Nigeria’s Debt Management Office (DMO) has raised N709.621 billion from the Treasury Bills market as yields on the 364-day instrument surged to 17.50 per cent, reflecting sustained investor appetite amid tight monetary conditions.

The auction, conducted yesterday, showed strong demand across all maturities, but the 364-day paper attracted the most interest as investors priced in higher returns following recent monetary tightening by the Central Bank of Nigeria (CBN).

Breakdown of the allocation showed that the one-year bill accounted for the bulk of the haul, with investors moving aggressively toward longer-dated short-term securities to lock in elevated yields. Market analysts say the jump to 17.5 per cent  one of the highest levels in recent months  signals continued adjustments to inflationary pressures and tighter liquidity in the banking system.

The 91-day and 182-day bills were also oversubscribed, although yields remained below the one-year tenor. The DMO said the outcome underscores robust market confidence in government securities, even as borrowing costs continue to rise.

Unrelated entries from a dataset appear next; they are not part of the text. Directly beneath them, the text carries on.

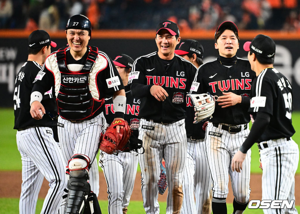 경기를 마치고 LG 선수들이 승리를 기뻐하고 있다. 2025.10.30 /jpnews@osen.co.kr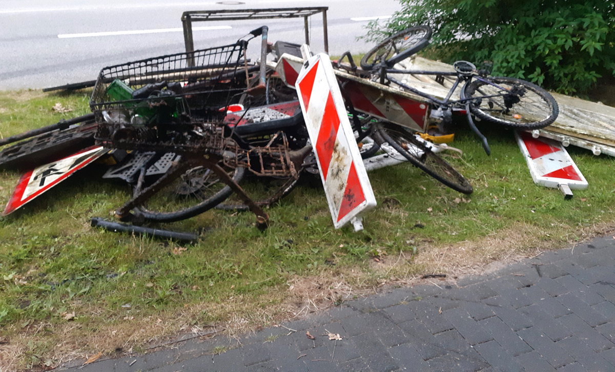 Bei entsprechenden Einsätzen am 14. Juni und am 1. Juli suchten mit Pressluftflaschen ausgestattete Kräfte der Tauchereinsatzstaffel des ASB jeweils im Bereich der Emil-Lueken-Brücke nach gesunkenen Abfällen und machten dabei eine erschreckend große Ausbeute: Zehn Fahrräder, ähnlich viele Baustellenabsperrungen und mehrere Baustellenfüße förderten die Froschleute zu Tage. Aber auch Verkehrsschilder, Einkaufswagen und zwei Tische hatten sie nach Ende der Unterwassermission ans Ufer des Kleinen Kiel gehoben.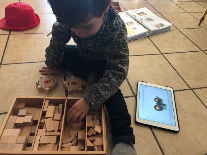 En ce moment, Noé sort beaucoup le spielgaben. Il installe le plateau, dispose toutes les boîtes autour …et démarre avec un projet en tête : construire un univers particulier.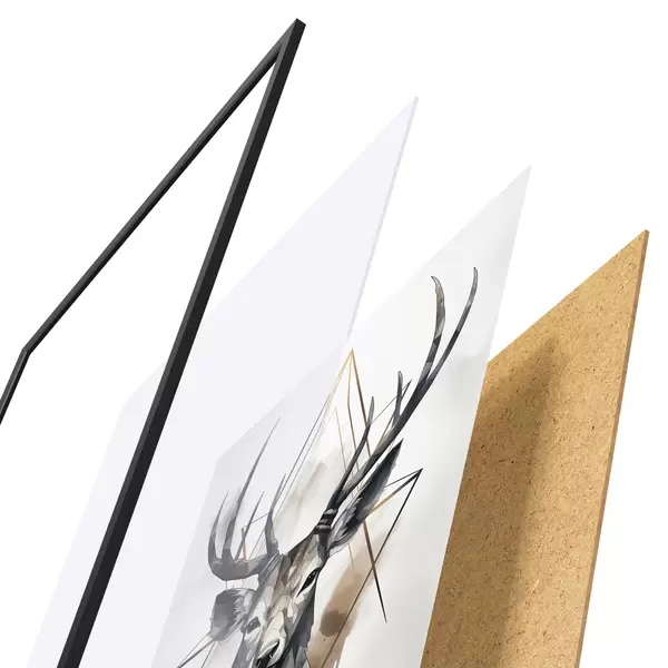 Le poster se compose d'un cadre, d'un plexiglas, d'une image imprimée et d'un support en aggloméré. Le poster peut être immédiatement accroché au mur grâce aux fixations au dos.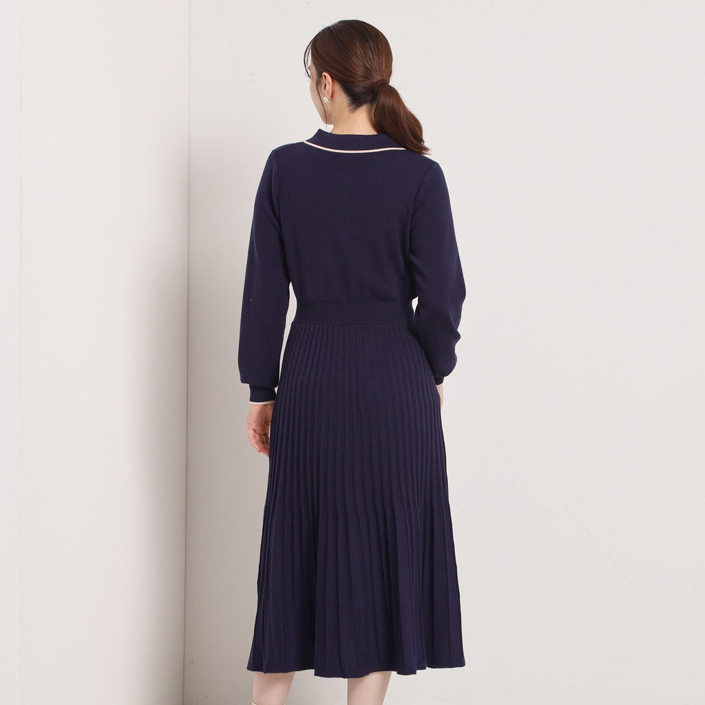 スカート部分はプリーツ風の編地でふわっと広がるフレアーライン。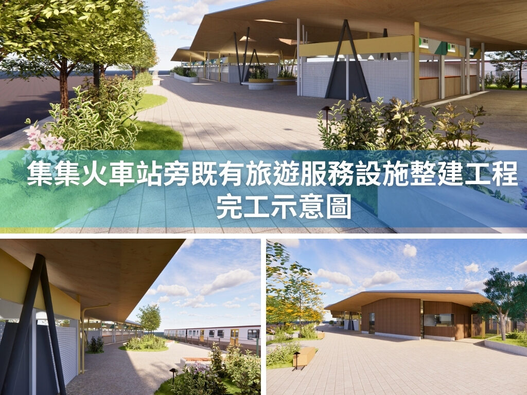 此外,集集火車站旁的鐵皮攤販區也正進行改建,未來將打造為結合旅客服務中心、特色商場、餐飲及交通轉運站設施的山形市集。工程總經費超過新台幣7,198萬元,預計在火車站復駛前完工,全面提升火車站周邊的觀光品質。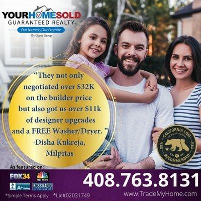 Your Home Sold Guaranteed Realty - TradeMyHome offers a Buy Before You Sell Program with Guaranteed Cash Offers and Downpayment Assistance. Unlock the equity in your current home-interest-free-allowing you to buy your next property without contingencies. This solution removes the stress of timing your sale with your purchase, giving you flexibility and peace of mind. Whether upgrading or downsizing, the program ensures a seamless transition, empowering you to move confidently.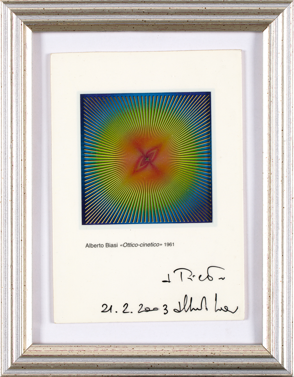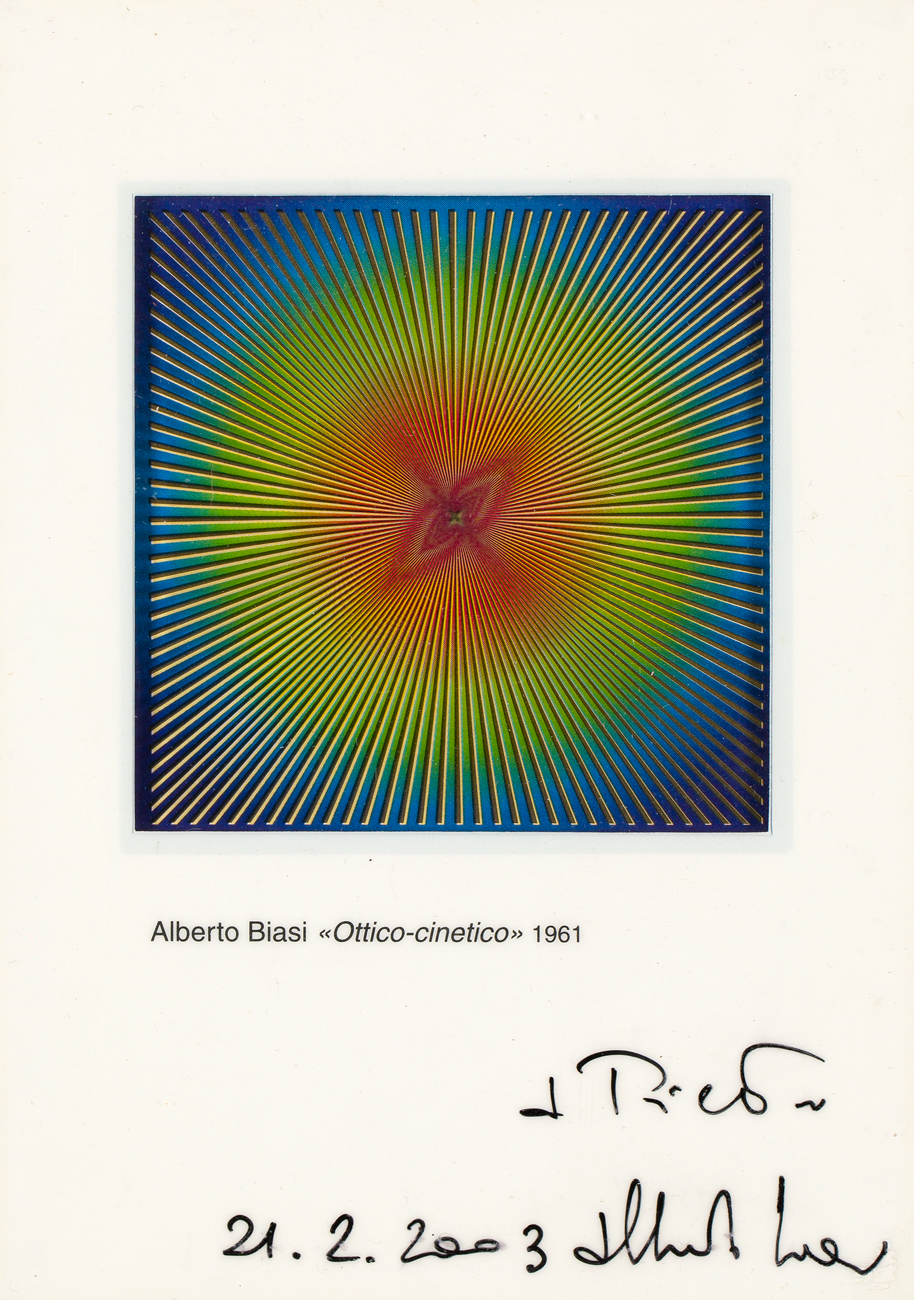 Cartolina cartonata, raffigurante un'opera dell'Artista del 1961, edita in occasione dell'esposizione 'Luce movimento & programmazione - Kinetische Kunst aus Italien 1958-1968'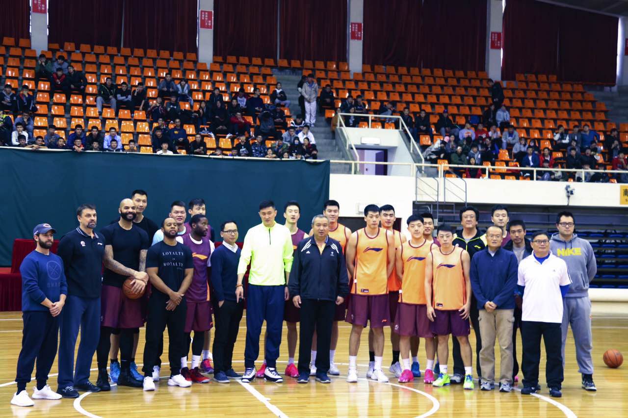 12月3日下午,广东东莞银行队来公司综合馆举行训练活动,并与到场的师生进行交流。董事长池建,304am永利集团副经理武文强,篮球教研室主任贾志强,教师张旭洋、校办张盈迎等老师也一同出席了活动。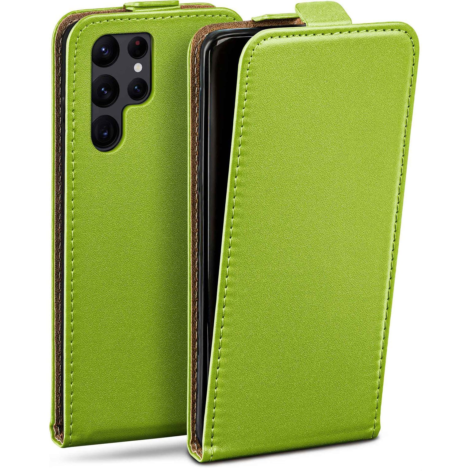 moex Flip Case Samsung Galaxy S22 Ultra Klapphülle Leder Optik – Lime-Green (Grün)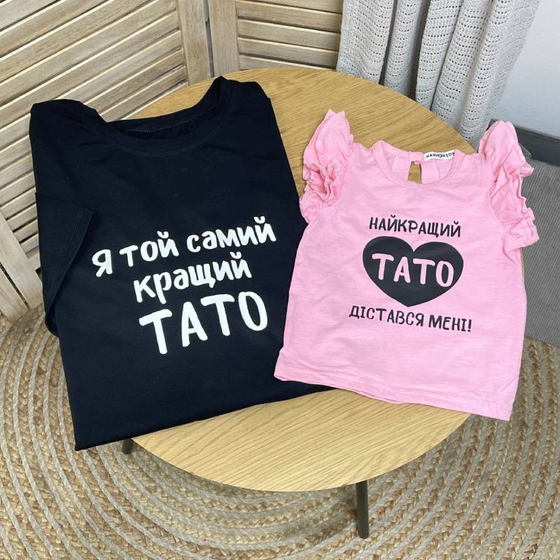 Набір футболок з написом "Найкращий тато дістався мені/той самий тато"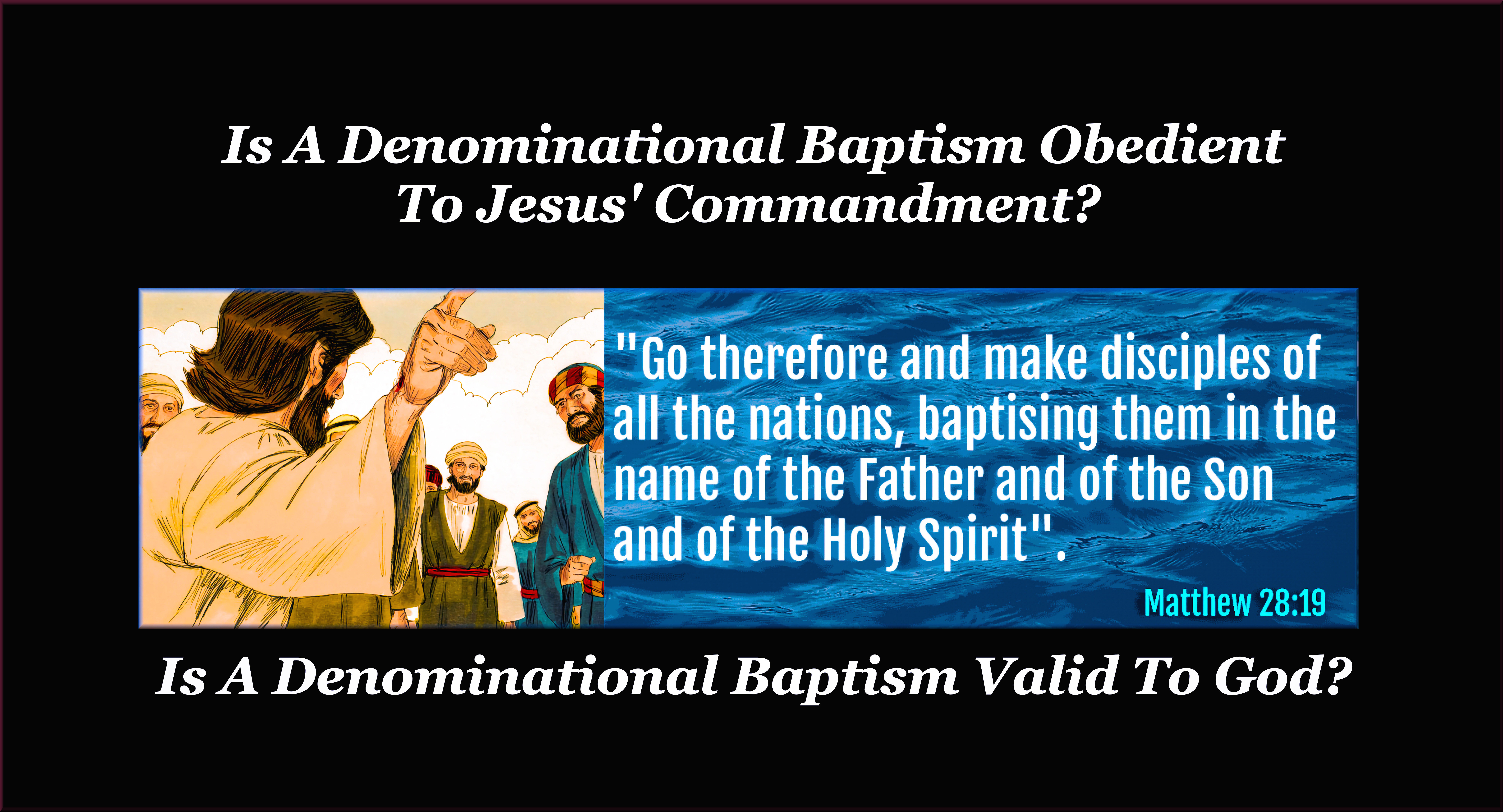 If we practice denominationalism, then we are disobeying the commandments of God. So, this simply means the person baptized with a denominational baptism, who believes they are keeping a commandment by attending, identifying, practicing, and worshiping according to the creeds of a denomination, has just received an invalid baptism for the Holy Spirit of God does not lead an individual into a denomination.

Traders in the fixed-income market noted that the elevated yields may persist into the first quarter of 2026 as the CBN maintains a contractionary stance to stabilise the naira and curb inflation.

The successful N709.62 billion allotment forms part of government’s short-term financing strategy and is expected to support budget implementation while deepening liquidity in the money market.

Analysts, however, warn that sustained high yields could increase the government’s refinancing burden, even as they provide attractive opportunities for institutional and retail investors in the near term.